# Where's My Cow?



## bjjohns (Jul 14, 2012)

OK, direct rip-off of Terry Pratchett's' kids book, but I found my jersey steer "Slimer" hiding out in the grass. Thought it was funny enough for a pic and a post.


----------



## Royd Wood (Jul 14, 2012)

Bout time we get a calf on pic of the week - are you reading Elvan 
Great pic bj and I think we all have a rip off cutie pic of calf in meadow shot
Heres one of my Galloways from from 2 years ago Emily of Niagara who just gave us a heifer calf 2 weeks ago


----------



## bjjohns (Jul 14, 2012)

I've not had luck posting a pic of the week, I'll try this one.


----------



## Royd Wood (Jul 14, 2012)

Well its one fine looking steer - not that it counts but you have my vote


----------



## bjjohns (Jul 14, 2012)

He does look better in show profile, but since I run a non-standard feed, I won't fight the show circuit folks.
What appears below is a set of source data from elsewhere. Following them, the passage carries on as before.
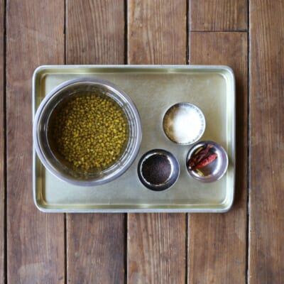 ムングを水に2時間ほどつけて食べられる硬さに茹でておく。 |
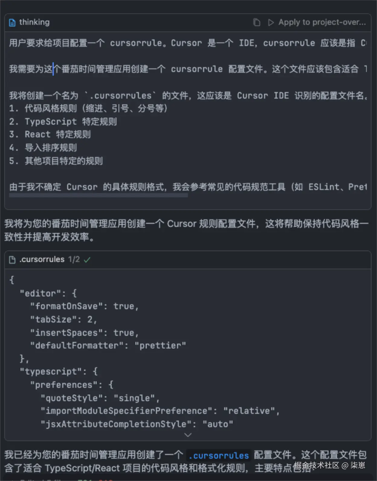 最近又用 cursor 做了一个小应用,番茄时钟,用来管理自己的时间,提高效率。然后使用 cursor 开发的过程中。有了一些新的感悟。找打了一条可以让 Curosr不跑题的办法。
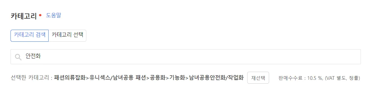 VAT 별도! 카테고리 선정 후 확인되는 수수료에 1.1%를 곱해 수수료를 계산하세요!
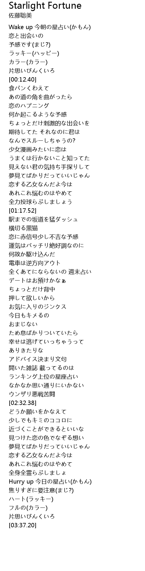 [03:26.29] Hurry up 今日の星占い(かもん)
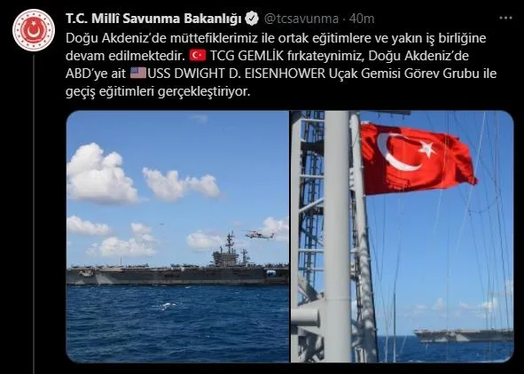 Milli Savunma Bakanlığı, TCG Gemlik fırkateyninin, Doğu Akdeniz'de ABD'ye ait uçak gemisi görev grubu ile geçiş eğitimleri gerçekleştirdiğini duyurdu.
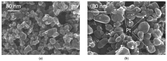 Interestingly, the lack of activity of platinum could be caused by high adsorption capacity for Pt by Aspergillus fungi, which has even been proposed as a method for the removal of metals (including heavy metals) from the environment []. To our knowledge, there are no studies on the application of Pt-modified titania for the removal of mold fungi. In contrast, nitrogen-, fluorine-, gold- and silver-modified titania samples exhibit superior antifungal activity against Fusarium oxysporum and Penicillium chrysogenum [,,]. Additionally, the synergistic effect between silver and cupric oxide, deposited on the surface of titania, was reported for Penicillium chrysogenum and Aspergillus melleus []. However, the antifungal effect was stronger in the dark than under irradiation and only significant for specific ratio between components (i.e., 1:3 of Ag to CuO).
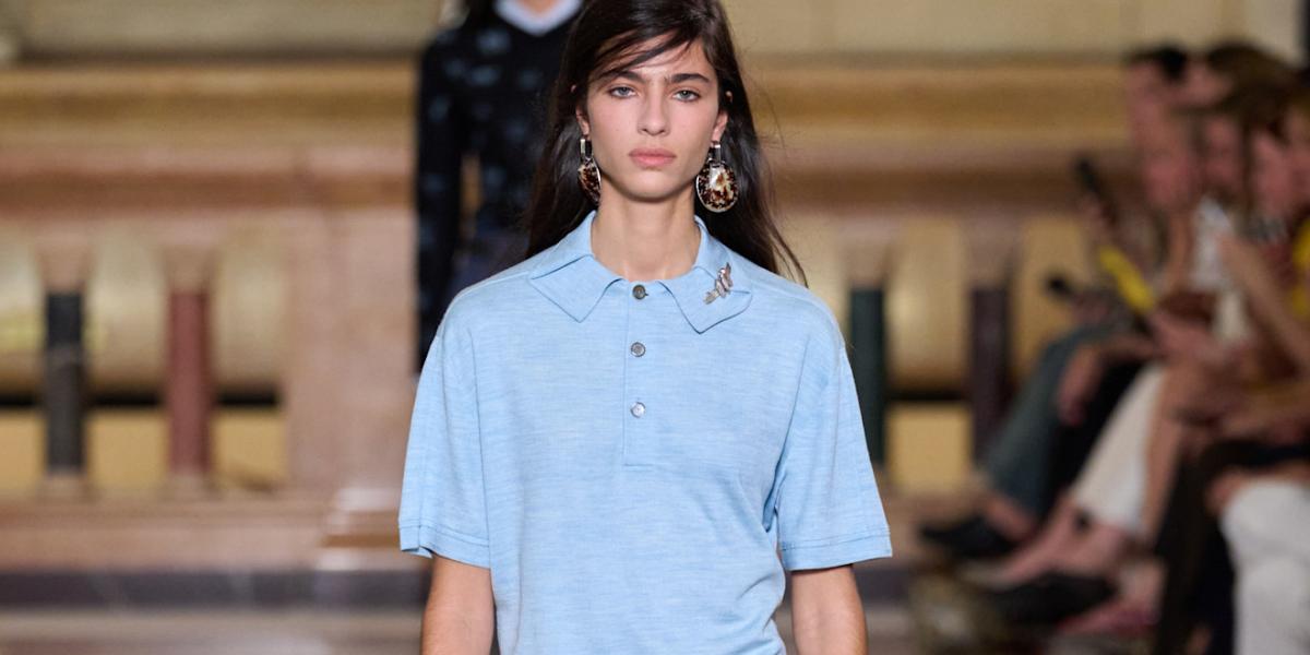 في عروض ميوميو، ظهر قميص البولو بألوان زاهية مثل البرتقالي المائل إلى اليوسفي، وتم تنسيقه مع تنانير ميدي أنثوية وأوشحة مطبوعة عند العنق. هذا التنسيق جمع بين الطابع الرياضي واللمسة الرومانسية، ليمنح الإطلالة أسلوبًا منعشًا ومختلفًا.
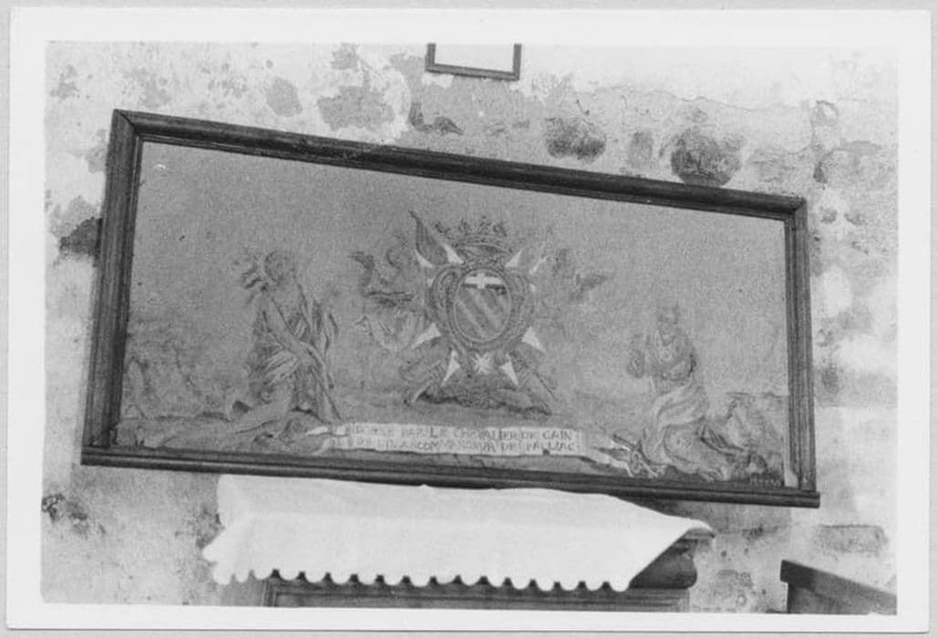 POP | Plateforme ouverte du patrimoineantependium aux armes du chevalier de Gain de Linard entre saint Jean-Baptiste et saint Pierre
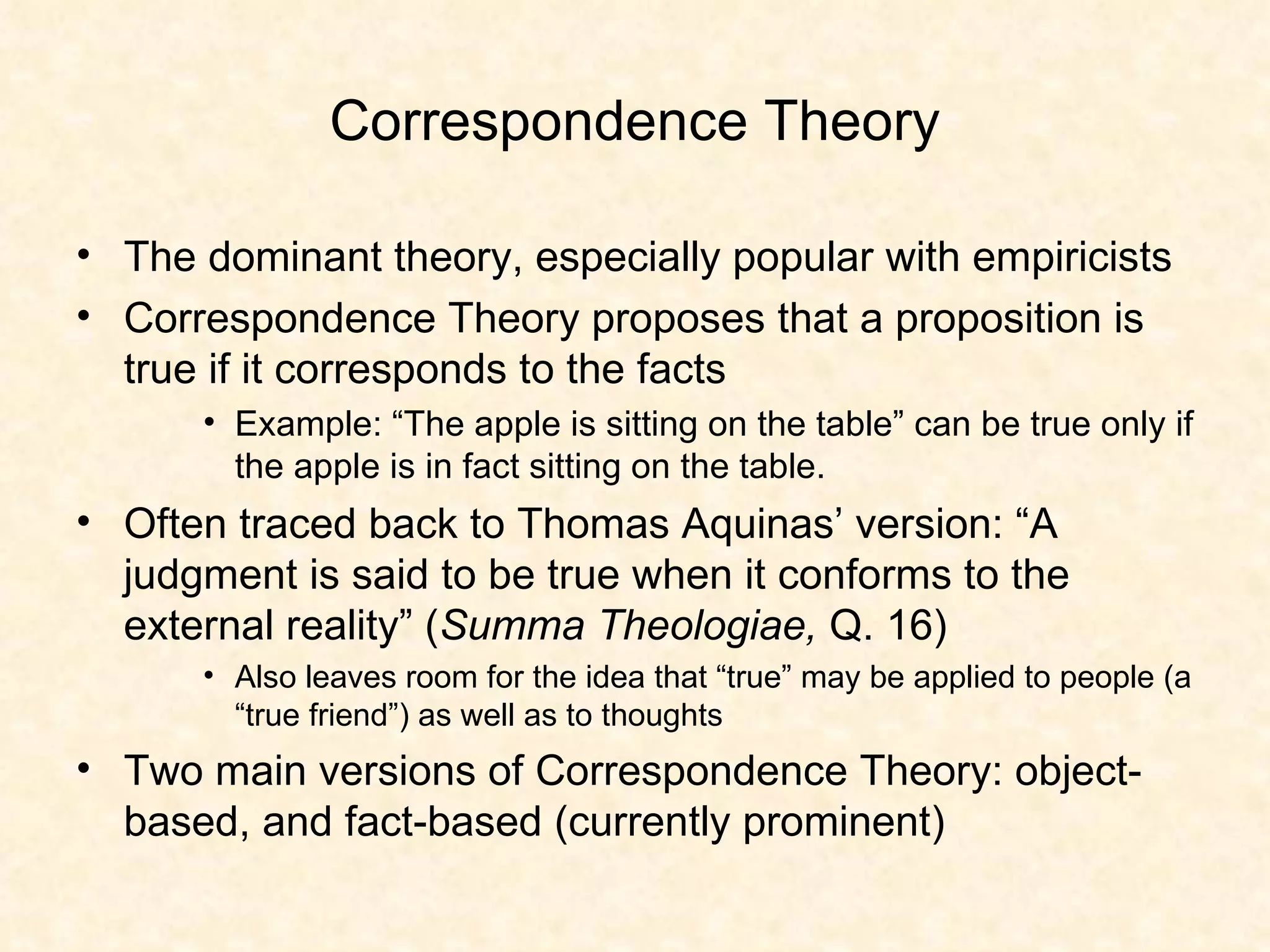 1. Correspondence theory proposes that a proposition is true if it corresponds to the facts in reality. It has strengths in simplicity and appealing to common sense but weaknesses in linguistic issues and circular reasoning.

I'll just raise him, sell him, and go buy another. I tend to get too attracted to them unless they are true idiots.


----------



## Cricket (Jul 15, 2012)

He is cute!  I love those Jerseys with the broader faces.  (Actually, I love best whichever one I'm currently looking at!).  And great name--must have been apt when he was trying to suck your elbow off!


----------



## bjjohns (Jul 15, 2012)

Cricket said:
			
		

> He is cute!  I love those Jerseys with the broader faces.  (Actually, I love best whichever one I'm currently looking at!).  And great name--must have been apt when he was trying to suck your elbow off!


He just slimed everything when he was still on the bottle, it was like some giant snail replaced his tongue.


----------



## autumnprairie (Jul 15, 2012)

bjjohns said:
			
		

> Cricket said:
> 
> 
> 
> ...


----------



## Stubbornhillfarm (Jul 16, 2012)

Cute calves!  Both of them!


----------